Monday, April 13, 4:00-5:00 pm
340 West Hall
“Monte Carlo Methods and Partial Differential Equations: Algorithms and Implications for High-Performance Computing”
This talk will focus on the way Monte Carlo’s computational needs fit well on current and future (Exascale) HPC systems. Prof. Mascagni will give a brief overview of the history of the Monte Carlo method for the numerical solution of partial differential equations (PDEs) focusing on the Feynman-Kac formula for the probabilistic representation of the solution of the PDEs. We then take the example of solving the linearized Poisson-Boltzmann equation to compare and contrast standard deterministic numerical approaches with the Monte Carlo method. Monte Carlo methods have always been popular due to the ease of finding computational work that can be done in parallel. Prof. Mascagni look at how to extract parallelism from Monte Carlo methods, and some newer ideas based on Monte Carlo domain decomposition that extract even more parallelism. In light of this, he looks at the implications of using Monte Carlo to on high-performance architectures and algorithmic resilience.

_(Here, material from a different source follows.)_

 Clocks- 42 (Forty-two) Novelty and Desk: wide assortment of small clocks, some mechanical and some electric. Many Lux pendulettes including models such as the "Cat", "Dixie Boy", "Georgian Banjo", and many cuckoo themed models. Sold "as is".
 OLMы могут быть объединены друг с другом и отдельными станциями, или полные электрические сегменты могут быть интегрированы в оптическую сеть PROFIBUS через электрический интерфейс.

Tuesday, April 14 10:00-11:30 am
2906 Cooley Building (Baer Room), North Campus
“An Introduction to Monte Carlo Methods and Random Number Generation for High-Performance Computing using the SPRNG Random Number Library”
This talk will give a brief overview of Monte Carlo methods and HPC trends focusing on the random number generation requirements they have. We then discuss parallel random number generation, and show the mathematical basis for the Scalable Parallel Random Number Generation (SPRNG) library. We then discuss the current state of SPRNG, and ongoing work making SPRNG suitable for multicore and GPU acceleration.